Storms crippling aid to Indonesian islands

? A group of private aid workers battled fierce swells and driving rain that kept most craft on shore Friday, managing to deliver food and other supplies to desperate survivors on the islands hardest hit by a tsunami that killed more than 400 people.

Government agencies pulled back boats and helicopters that had been ferrying aid to the most distant corners of the Mentawai islands and instead resorted to air-dropping boxes of aid from planes.

On a borrowed 75-foot cruiser, aid workers faced rough seas and sheets of rain — plus miserable seasickness — to bring noodles, sardines and sleeping mats to villages that have not received any help since Monday’s earthquake. In one village, most people were still huddling in a church in the hills, too afraid to come down even to get the aid.

Dozens of injured survivors of the tsunami, meanwhile, languished at an overwhelmed hospital Friday. They lay on mats or the bare floor as rainwater dripped onto them from holes in the ceiling and intravenous tubes hung from plastic ropes strung from the rafters.

“We need doctors, specialists,” nurse Anputra said at the tiny hospital in Pagai Utara — one of the four main islands in the Mentawai chain slammed by tsunami, which was triggered by a 7.7-magnitude earthquake.

Inside the tiny hospital, a man cradled his screaming son as staff tended to the child’s broken arm. The 35-year-old described how his two other young children were ripped from his embrace by the towering wave and sucked out to sea.

Health workers also cared for a newly orphaned 2-month-old boy found in a storm drain. The infant, with cuts on his face, blinked sleepily in a crib. Hospital workers named him Imanual Tegar. Tegar means “tough” in Indonesian.

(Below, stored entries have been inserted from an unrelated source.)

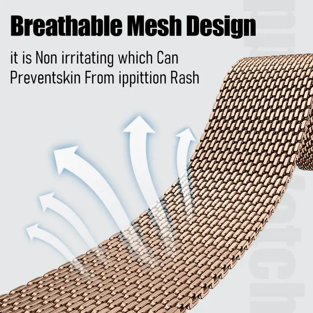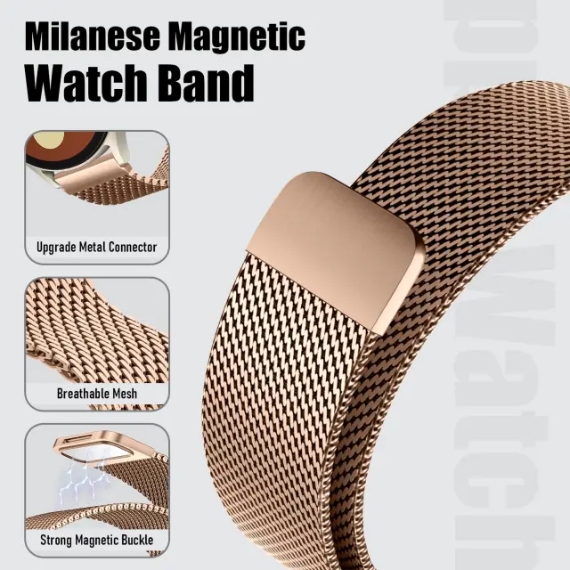 Elegantno Rožnato Zlato: Izdelana z natančnostjo, ta milanese zanka za uro ima osupljiv zaključek iz rožnatega zlata, ki vaši pametni uri doda pridih prefinjenosti. Barva je dosežena z naprednimi tehnikami prevleke, ki zagotavljajo dosleden in dolgotrajen odtenek, ki dopolnjuje vsak slog. Njena gladka tekstura je prijetna na koži, zaradi česar je idealna za celodnevno nošenje, ne glede na to, ali ste v pisarni, telovadnici ali uživate v večernem izhodu.
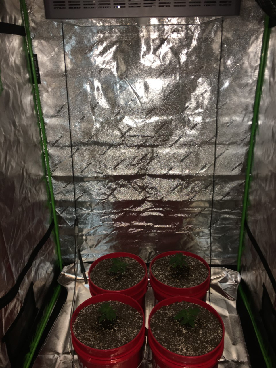 New plants (~18 days out of the ground) and just put in grow tent with viparspectra V1200 light yesterday. Previously they had been under four, 23w daylight CFLs at ~4". Instructions from viparspectra (attached photo) say for 3-5 days (acclimation period) to put light 44" to 48" away from plants with 10 on 14 off with just the vegetative lighting on. Sounds very conservative to me but I have no experience at all with this. I went with the ~44" and just the vegetative lighting on but I kept the lighting schedule at 18 on 6 off. Attached are photos of the setup, the instructions from viparspectra and a close up of a plant. I am tempted to straight to the 32" to 40" with vegetative and bloom lights both on.
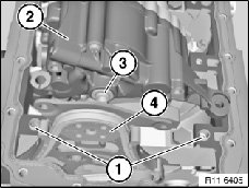 Prepare liquid sealing compound (1) in special tool 11 4 370.
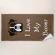 Employez cette serviette de plage d'amusement pour faire chacun vous connaître pour aimer votre animal familier de chien de boxeur. Conçu avec une image d'un visage de boxeur et d'un grand lettrage typographique vous pouvez changer avec votre propre message ou nom de votre chien.

The toll from the earthquake and the tsunami it spawned rose to 408 on Friday as officials found more bodies, and 303 people were still missing and feared swept out to sea, said Agus Prayitno of the West Sumatra provincial disaster management center.

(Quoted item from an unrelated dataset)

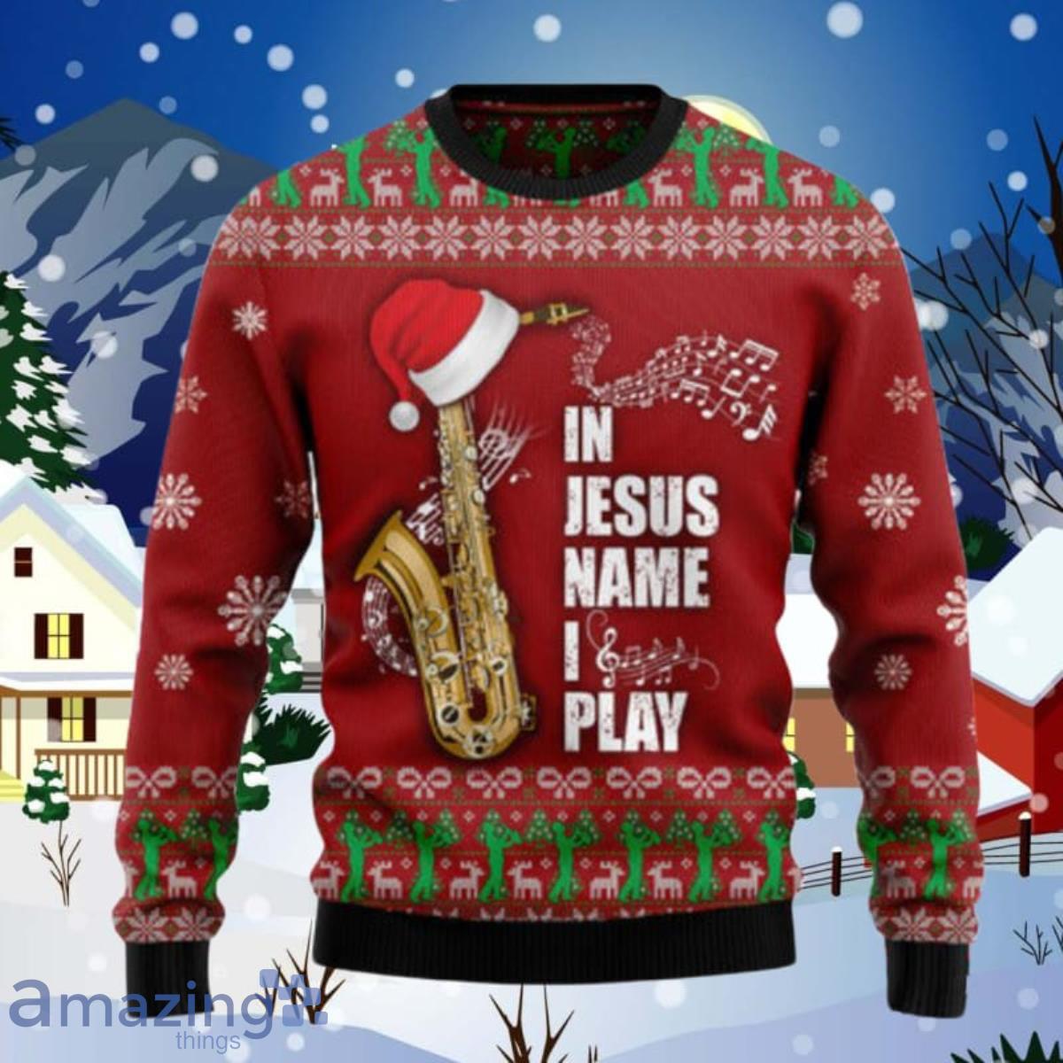 Saxophone In Jesus Name I Play Ugly Christmas Sweaters For Men And Women Style Gift Informations:

Officials say 13,000 survivors on the islands are homeless. Many were sorely in need of help, which the government was struggling to deliver.

While tons of aid has reached the islands’ main towns, many farther-flung villages are accessible only by foot or sea because roads are too old or damaged for large trucks. Storms, however, have made the waters too dangerous for small boats, West Sumatra Gov. Irwan Prayitno told reporters. Even when seas calm down, another official said the government hasn’t been able to gather enough boats to address the scale of the disaster, making do with just a few dozen wooden boats with outboard motors.